Pictures stay out, but every line of the data is copied exactly.
*-*-*
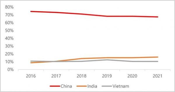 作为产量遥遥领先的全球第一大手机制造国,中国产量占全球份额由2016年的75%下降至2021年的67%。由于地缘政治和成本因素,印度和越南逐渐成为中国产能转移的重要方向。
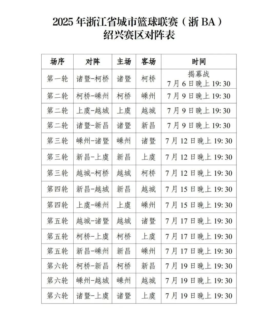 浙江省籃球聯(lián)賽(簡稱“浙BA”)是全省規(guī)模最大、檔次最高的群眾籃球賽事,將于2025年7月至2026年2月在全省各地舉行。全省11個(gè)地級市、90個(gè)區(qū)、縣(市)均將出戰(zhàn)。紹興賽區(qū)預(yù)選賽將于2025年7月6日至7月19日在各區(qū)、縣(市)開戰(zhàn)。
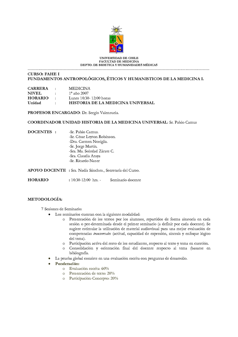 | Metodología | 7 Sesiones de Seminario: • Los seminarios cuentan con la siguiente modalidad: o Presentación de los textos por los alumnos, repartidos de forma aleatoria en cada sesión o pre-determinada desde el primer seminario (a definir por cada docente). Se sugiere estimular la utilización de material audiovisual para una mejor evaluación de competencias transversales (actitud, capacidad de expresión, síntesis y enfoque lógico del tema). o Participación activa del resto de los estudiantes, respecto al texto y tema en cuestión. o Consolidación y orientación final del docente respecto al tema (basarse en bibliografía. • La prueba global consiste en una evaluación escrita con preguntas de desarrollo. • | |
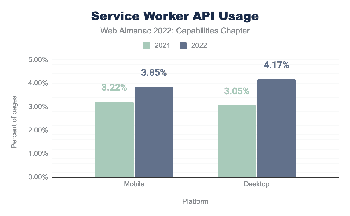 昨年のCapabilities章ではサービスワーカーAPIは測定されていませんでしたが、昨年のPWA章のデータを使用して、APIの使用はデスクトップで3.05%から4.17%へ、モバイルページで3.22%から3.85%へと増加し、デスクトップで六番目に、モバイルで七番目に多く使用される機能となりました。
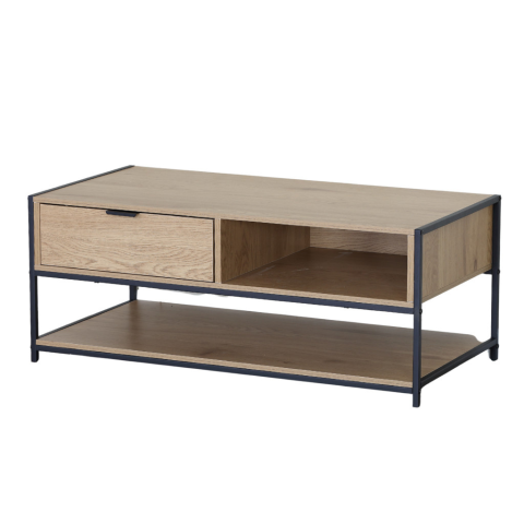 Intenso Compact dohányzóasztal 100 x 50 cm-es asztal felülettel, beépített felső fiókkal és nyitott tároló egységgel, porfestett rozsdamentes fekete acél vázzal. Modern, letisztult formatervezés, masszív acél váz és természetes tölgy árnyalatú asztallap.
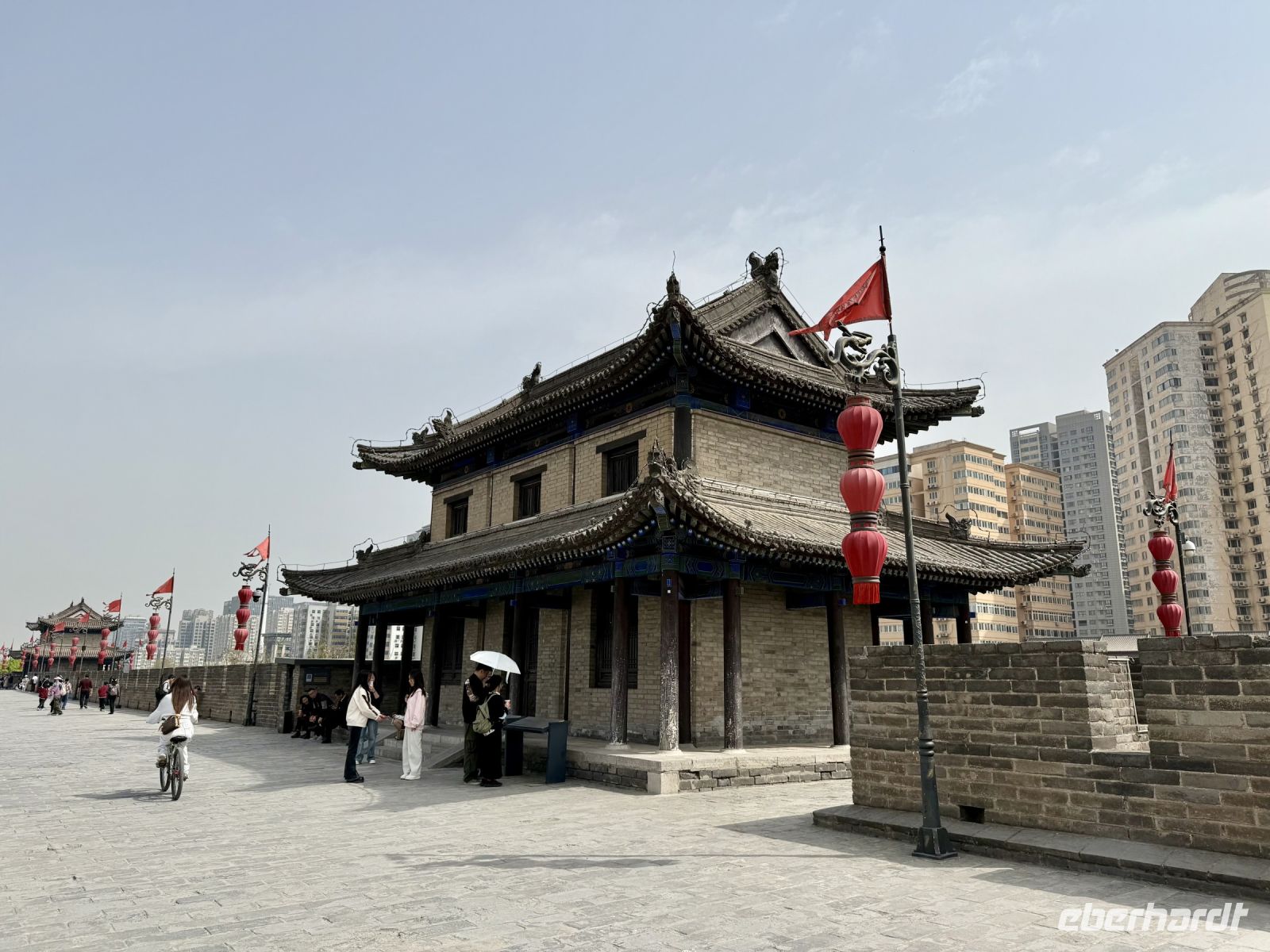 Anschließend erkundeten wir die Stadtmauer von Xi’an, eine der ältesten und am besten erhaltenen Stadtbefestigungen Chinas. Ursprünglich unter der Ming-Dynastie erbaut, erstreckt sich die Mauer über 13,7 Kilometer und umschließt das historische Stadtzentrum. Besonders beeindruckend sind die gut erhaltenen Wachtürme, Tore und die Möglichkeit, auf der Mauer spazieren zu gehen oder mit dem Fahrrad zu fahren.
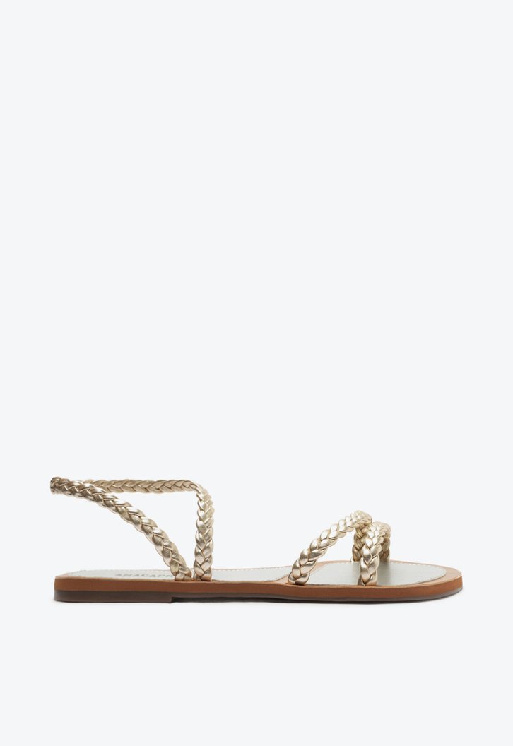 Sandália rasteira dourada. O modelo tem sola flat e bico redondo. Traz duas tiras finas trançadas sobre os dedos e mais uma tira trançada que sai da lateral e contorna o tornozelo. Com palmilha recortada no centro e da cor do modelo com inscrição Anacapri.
*-*-*
▸ TASK RESPONSE
 作为产量遥遥领先的全球第一大手机制造国,中国产量占全球份额由2016年的75%下降至2021年的67%。由于地缘政治和成本因素,印度和越南逐渐成为中国产能转移的重要方向。
 浙江省籃球聯(lián)賽(簡稱“浙BA”)是全省規(guī)模最大、檔次最高的群眾籃球賽事,將于2025年7月至2026年2月在全省各地舉行。全省11個(gè)地級市、90個(gè)區(qū)、縣(市)均將出戰(zhàn)。紹興賽區(qū)預(yù)選賽將于2025年7月6日至7月19日在各區(qū)、縣(市)開戰(zhàn)。
 | Metodología | 7 Sesiones de Seminario: • Los seminarios cuentan con la siguiente modalidad: o Presentación de los textos por los alumnos, repartidos de forma aleatoria en cada sesión o pre-determinada desde el primer seminario (a definir por cada docente). Se sugiere estimular la utilización de material audiovisual para una mejor evaluación de competencias transversales (actitud, capacidad de expresión, síntesis y enfoque lógico del tema). o Participación activa del resto de los estudiantes, respecto al texto y tema en cuestión. o Consolidación y orientación final del docente respecto al tema (basarse en bibliografía. • La prueba global consiste en una evaluación escrita con preguntas de desarrollo. • | |
 昨年のCapabilities章ではサービスワーカーAPIは測定されていませんでしたが、昨年のPWA章のデータを使用して、APIの使用はデスクトップで3.05%から4.17%へ、モバイルページで3.22%から3.85%へと増加し、デスクトップで六番目に、モバイルで七番目に多く使用される機能となりました。
 Intenso Compact dohányzóasztal 100 x 50 cm-es asztal felülettel, beépített felső fiókkal és nyitott tároló egységgel, porfestett rozsdamentes fekete acél vázzal. Modern, letisztult formatervezés, masszív acél váz és természetes tölgy árnyalatú asztallap.
 Anschließend erkundeten wir die Stadtmauer von Xi’an, eine der ältesten und am besten erhaltenen Stadtbefestigungen Chinas. Ursprünglich unter der Ming-Dynastie erbaut, erstreckt sich die Mauer über 13,7 Kilometer und umschließt das historische Stadtzentrum. Besonders beeindruckend sind die gut erhaltenen Wachtürme, Tore und die Möglichkeit, auf der Mauer spazieren zu gehen oder mit dem Fahrrad zu fahren.
 Sandália rasteira dourada. O modelo tem sola flat e bico redondo. Traz duas tiras finas trançadas sobre os dedos e mais uma tira trançada que sai da lateral e contorna o tornozelo. Com palmilha recortada no centro e da cor do modelo com inscrição Anacapri.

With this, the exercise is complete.